Ao mesmo tempo, os angolanos admiram profundamente os portugueses, mas não tanto os protagonistas da política miúda e do comentário televisivo, e sim os portugueses de Vasco da Gama, de Diogo Cão, do Infante D. Henrique: os navegadores que não temeram o desconhecido e que, no imaginário, ocupam hoje o lugar dos engenheiros espaciais que se preparam para ir a Marte ou à Lua. Aquilo que, ao seu tempo, parecia assustador e inalcançável, eles tornaram concreto, traçando rotas, dobrando cabos, abrindo linhas marítimas onde antes só havia mapas em branco. Trouxeram também ideias, trouxeram a religião católica, trouxeram um universo simbólico inteiro e, juntamente com isso, uma face sombria, brutal, em que Portugal se tornou peça central no tráfico de escravos que arrancou milhares de angolanos da sua terra. Muito cedo, porém, formou-se uma classe crioula, famílias africanas e mestiças que se foram incorporando na cultura portuguesa e que, pouco a pouco, passaram a servir também os desígnios do Estado colonial. A história torna-se, assim, um bordado apertado, de fios que se cruzam e se confundem: dominação e colaboração, violência e mimetismo, imposição e desejo de ascensão.
Convém ainda recordar que o ressentimento contra o regime ditatorial teve sempre um traço colectivo. O salazarismo oprimia os africanos, mas oprimia igualmente os próprios portugueses, muitos dos quais chegaram a Angola em circunstâncias duras, fugidos da pobreza ou de perseguições políticas, levando consigo uma memória amarga da metrópole. Dessa experiência partilhada nasceu uma forma peculiar de solidariedade, uma consciência de destino entrelaçado que nunca se dissolveu por completo.
Hoje, esse enredo reaparece na vida quotidiana das famílias angolanas de classe média e alta: vivem em Luanda, mas a televisão está muitas vezes sintonizada em canais portugueses, seguem com atenção os debates parlamentares em Lisboa, riem com os programas de entretenimento, sonham com escolas em que os filhos falarão um português impecavelmente europeu. As crianças crescem a imitar o sotaque lisboeta, a mesa replica pratos da culinária portuguesa e o ideal de respeitabilidade continua a ser medido por esse padrão.

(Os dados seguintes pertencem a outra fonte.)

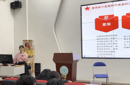 翁佩莹老师以《弘扬爱国奋斗精神,努力建功新时代》为主题,从什么是爱国主义,爱国的基本要求,新时代爱国主义精神,做新时代好青年这四个方面向同学们介绍了爱国主义这一中华民族悠久的文化传统。她强调要以实际行动践行爱国精神,为国家的繁荣富强贡献自己的力量。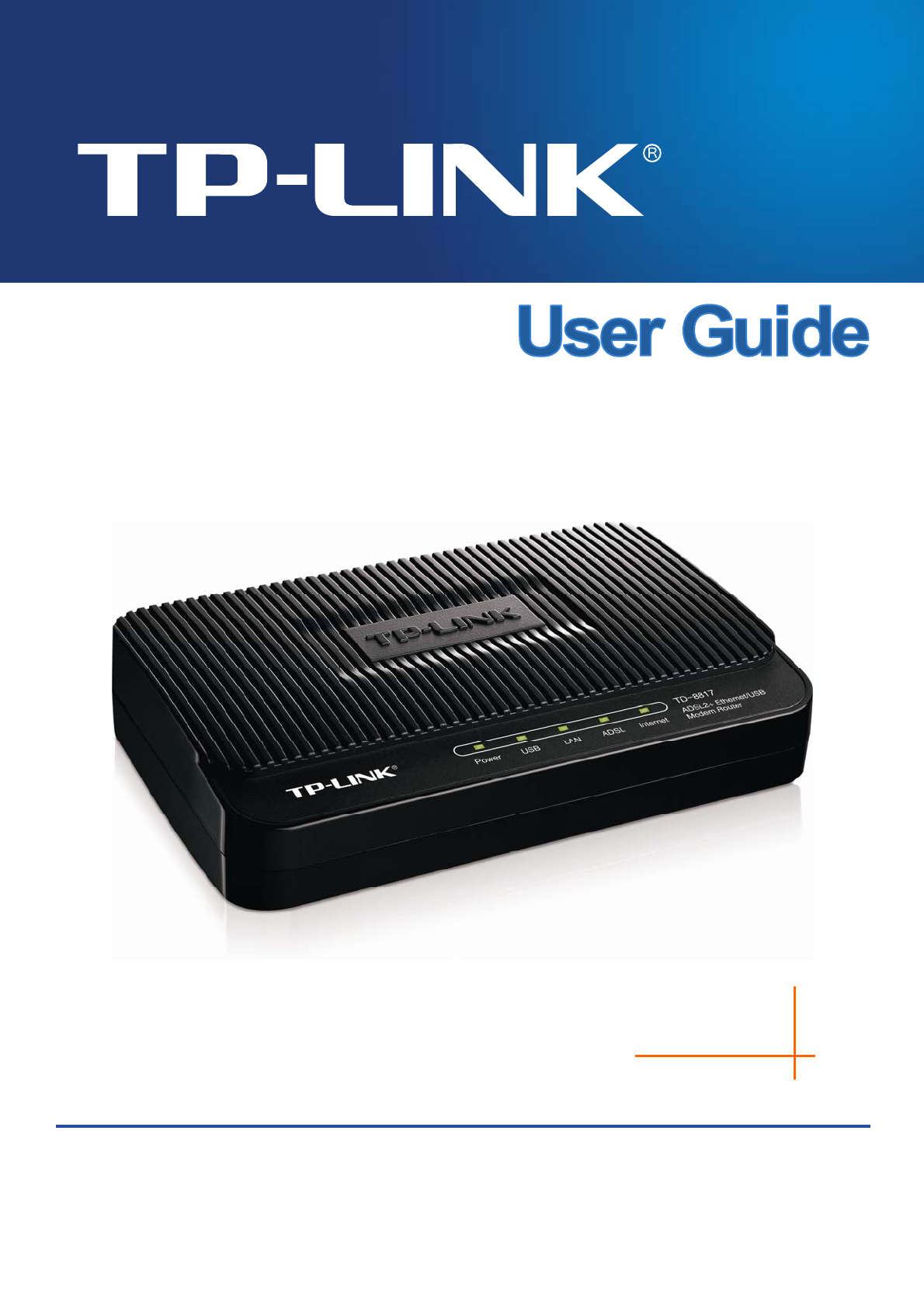 TD-8817 ADSL2+ Ethernet/USB Modem Router User Guide Package Contents The following items should be found in your package: One TD-8817 ADSL2+ Ethernet/USB Modem Router One Power Adapter for TD-8817 ADSL2+ Ethernet/USB Modem Router Quick Installation Guide One RJ45 cable One USB cable Two RJ11 cables One ADSL splitter One Resource CD , including: This User Guide USB Driver Other Helpful Information Note: Make sure that the package contains the above items.

É precisamente nesse cenário que irrompe o senhor Ventura, este sujeito com a aparência e o timbre de um taxista opinativo ou de um pequeno comerciante de bairro, dono de uma loja de vinhos e enchidos, que se permite falar de Angola com uma familiaridade rude, exibindo convicções que tocam nervos expostos. A sua retórica, o seu olhar sobre os africanos, o modo como instrumentaliza Angola no discurso político interno, tudo isso constitui uma provocação íntima para essas elites que, ao mesmo tempo que se reconhecem na tradição portuguesa e nela procuram um espelho, se vêem repentinamente confrontadas com uma imagem vinda de baixo, sem verniz, sem boas maneiras, que as irrita num plano profundo, quase existencial. É aí, nessa fricção entre a portugalidade idealizada e o Portugal real que Ventura encarna, que se percebe até que ponto a história partilhada continua a trabalhar em silêncio dentro do imaginário angolano.